The impact forces the breath from me; Yara’s bag tumbling from my shoulder, the contents spilling onto the ground like fallen leaves. Dragonious trees spin, a haze of scales blurring in my vision as the shadows close over me. No, this can’t happen now.
The world breaks once more.
* * *
I’m not in the forest anymore. I’m standing in black, endless and suffocating. Stars burn too close above, bejewelled grains of light in a ceiling of velvet. The ground hums beneath my feet, pulsing like a steady, resonant thrum.
And there, in the distance. A woman.
Waves of cold reach out with icy fingers, trying to pull me closer. Pale hair drifts on a wind like golden smoke. Eyes as black as coal shift, as the gaze slides over me. Fear dries my tongue, which swallows all sound. Not like screaming would do any good here.

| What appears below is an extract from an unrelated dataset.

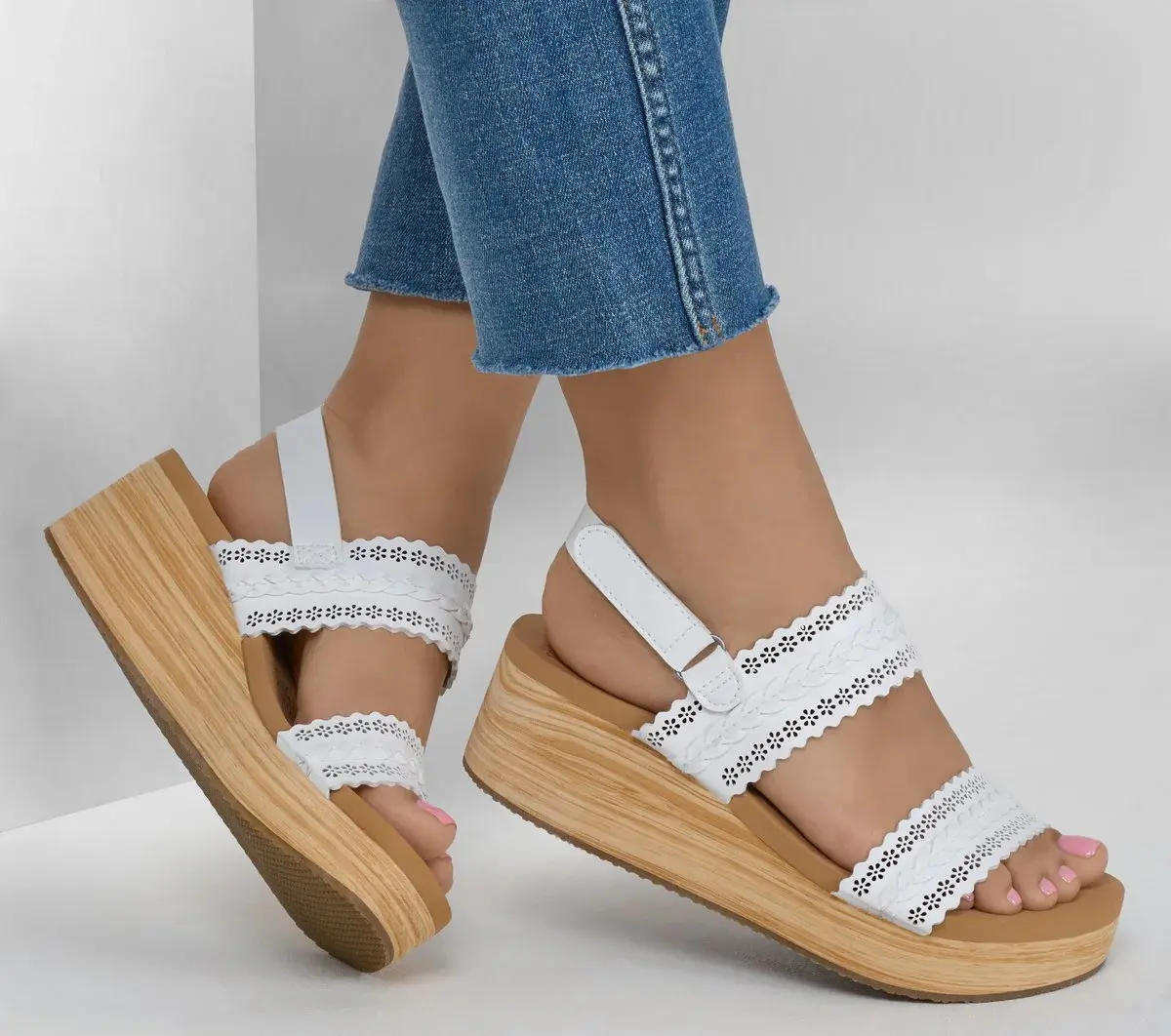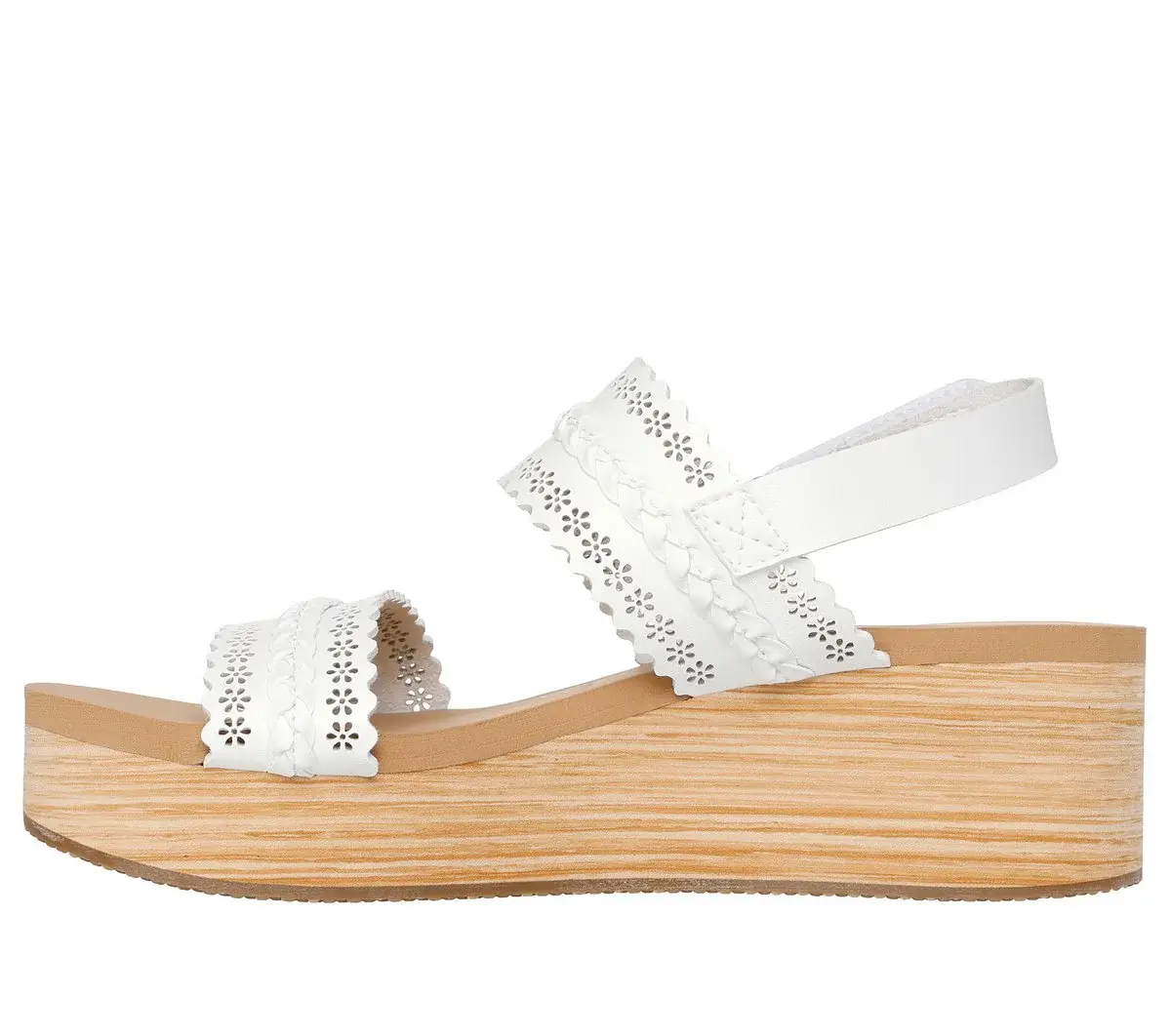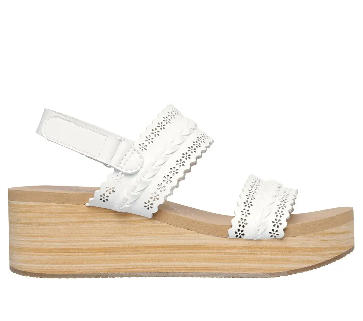Dazzle your steps in floral style and comfort with Skechers Cali® Summers – Coastal Stroll. This vegan wedge sandal features a floral cutout synthetic upper with an adjustable back strap and a cushioned Luxe Foam® comfort footbed.

Pounding echoes in the quiet chamber of my mind, as my ears give noise to my heart beating frantically in my chest. The corners of her mouth turn upward into a genuine smile, as the words she doesn’t give voice to slither in my skull.
Well done my child. You’ve taken the first step.
Her voice is everywhere and nowhere at the same time, pressing against the marrow in my bones. I try to speak, but the pressure in my throat seals the words away, drowning them before they can reach the surface.
The space where she stands yawns into an open void, until it consumes me.
I fall—and this time, the dark reaches back.